Below are records with pictures in them. Output exactly the lines from the one with "Simple horizontal wedding" through the one with "В зале посетителей", both included, and leave every picture out; give only those lines.

BEGIN Dataset records

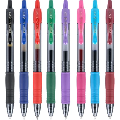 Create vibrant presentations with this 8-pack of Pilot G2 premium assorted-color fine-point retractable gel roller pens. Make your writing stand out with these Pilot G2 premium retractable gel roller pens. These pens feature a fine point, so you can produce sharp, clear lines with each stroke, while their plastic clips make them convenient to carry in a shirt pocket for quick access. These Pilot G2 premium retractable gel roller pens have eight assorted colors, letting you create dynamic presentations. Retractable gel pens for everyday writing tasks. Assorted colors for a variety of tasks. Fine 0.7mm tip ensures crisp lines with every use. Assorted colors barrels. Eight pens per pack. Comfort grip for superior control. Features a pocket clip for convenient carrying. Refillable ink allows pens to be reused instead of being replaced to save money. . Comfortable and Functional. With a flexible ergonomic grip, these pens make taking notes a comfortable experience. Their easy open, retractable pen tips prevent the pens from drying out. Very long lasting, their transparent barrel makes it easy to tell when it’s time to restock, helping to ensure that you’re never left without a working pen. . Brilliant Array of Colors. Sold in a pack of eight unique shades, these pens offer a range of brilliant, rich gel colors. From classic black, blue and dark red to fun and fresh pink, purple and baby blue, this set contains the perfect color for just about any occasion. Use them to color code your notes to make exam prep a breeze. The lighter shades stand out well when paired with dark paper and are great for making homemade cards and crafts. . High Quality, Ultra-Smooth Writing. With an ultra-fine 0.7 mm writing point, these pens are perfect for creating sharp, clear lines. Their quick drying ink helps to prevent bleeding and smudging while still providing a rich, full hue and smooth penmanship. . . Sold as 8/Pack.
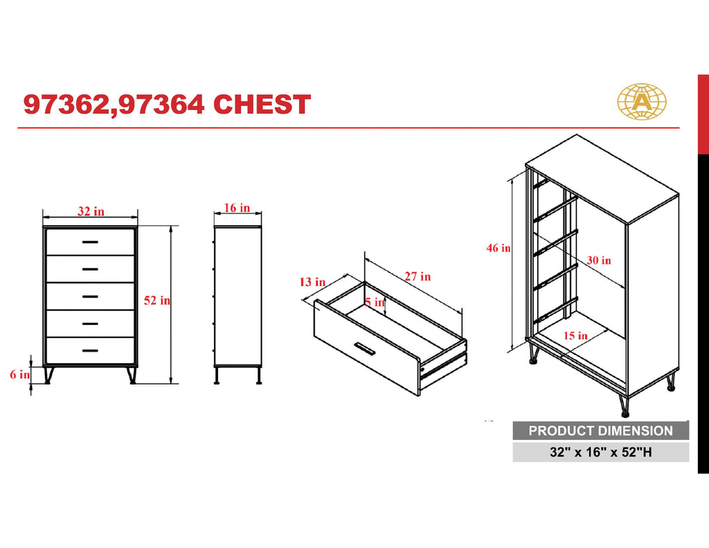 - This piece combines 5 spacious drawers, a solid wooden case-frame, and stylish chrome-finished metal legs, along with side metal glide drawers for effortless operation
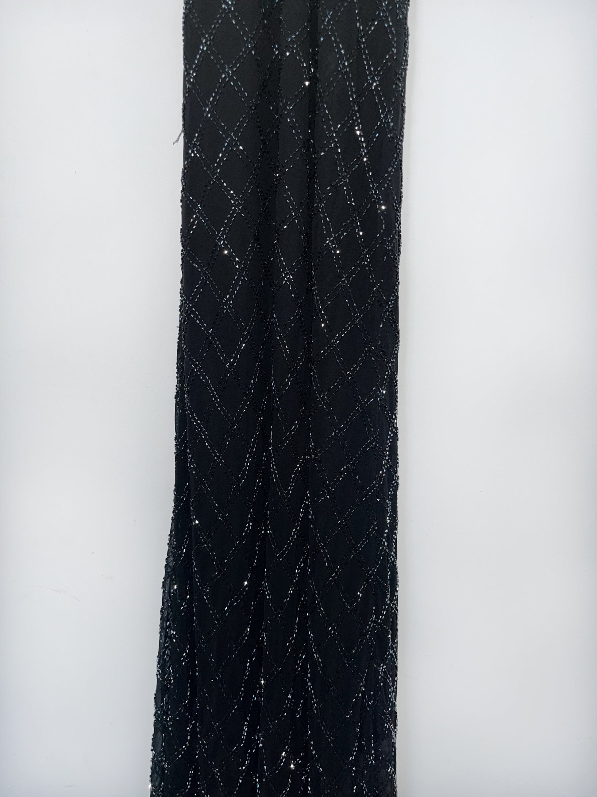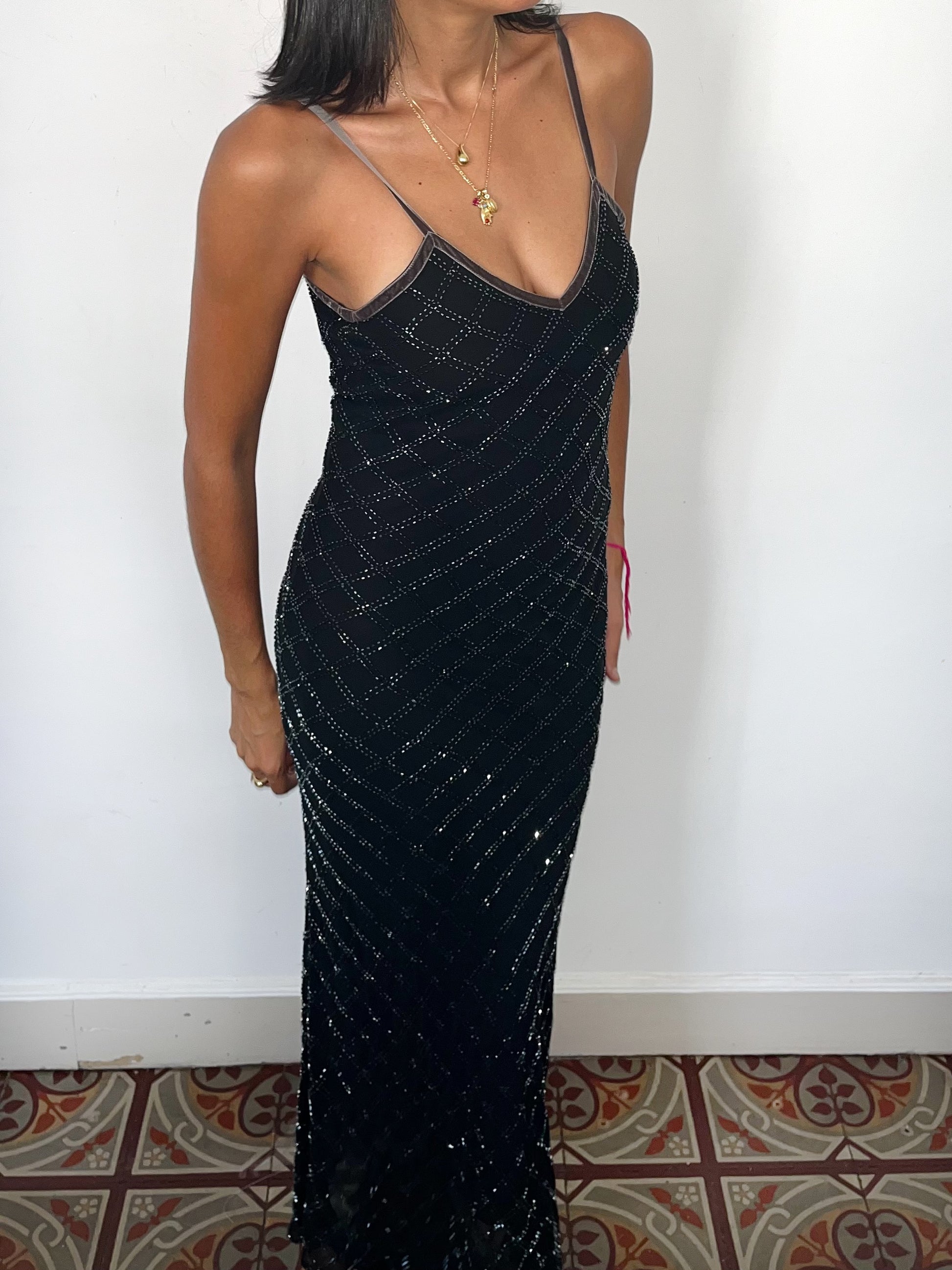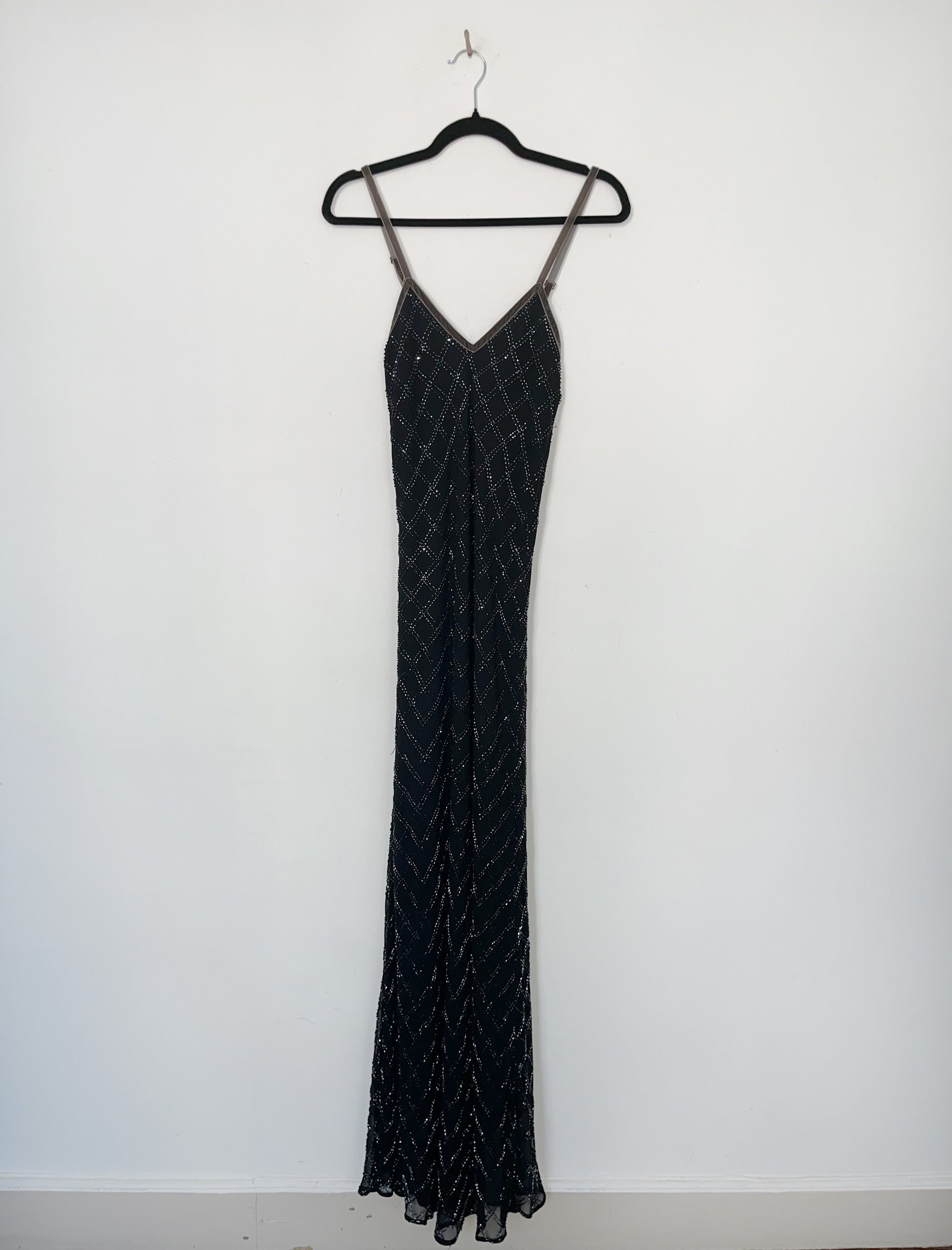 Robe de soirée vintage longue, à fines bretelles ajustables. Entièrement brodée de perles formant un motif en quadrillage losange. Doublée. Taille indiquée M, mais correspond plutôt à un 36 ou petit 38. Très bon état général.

END Dataset records
BEGIN Dataset records

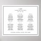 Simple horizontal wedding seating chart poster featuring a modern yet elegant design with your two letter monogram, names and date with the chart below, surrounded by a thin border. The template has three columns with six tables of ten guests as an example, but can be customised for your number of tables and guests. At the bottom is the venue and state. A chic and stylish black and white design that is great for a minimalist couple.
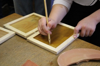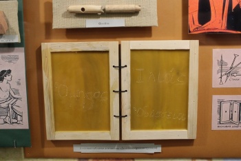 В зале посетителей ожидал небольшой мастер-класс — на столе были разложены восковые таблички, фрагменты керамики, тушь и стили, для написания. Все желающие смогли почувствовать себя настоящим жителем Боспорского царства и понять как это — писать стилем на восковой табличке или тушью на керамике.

END Dataset records
BEGIN Dataset records

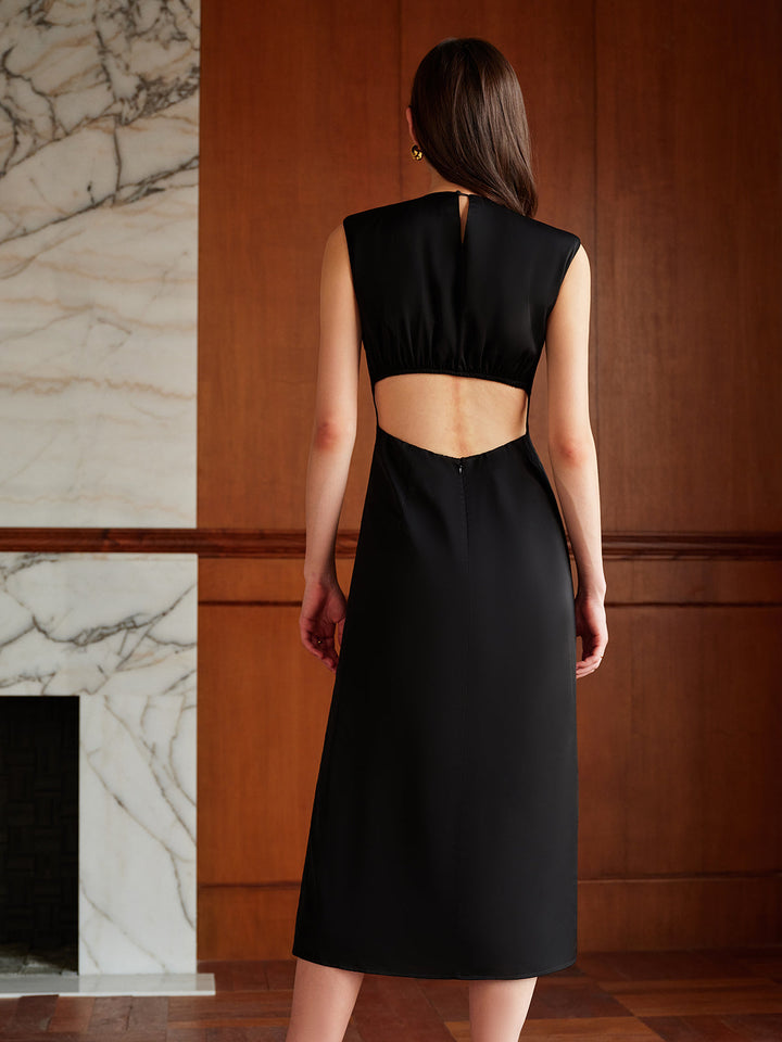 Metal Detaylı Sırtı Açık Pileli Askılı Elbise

END Dataset records

Answer to the exercise:
 Simple horizontal wedding seating chart poster featuring a modern yet elegant design with your two letter monogram, names and date with the chart below, surrounded by a thin border. The template has three columns with six tables of ten guests as an example, but can be customised for your number of tables and guests. At the bottom is the venue and state. A chic and stylish black and white design that is great for a minimalist couple.
 В зале посетителей ожидал небольшой мастер-класс — на столе были разложены восковые таблички, фрагменты керамики, тушь и стили, для написания. Все желающие смогли почувствовать себя настоящим жителем Боспорского царства и понять как это — писать стилем на восковой табличке или тушью на керамике.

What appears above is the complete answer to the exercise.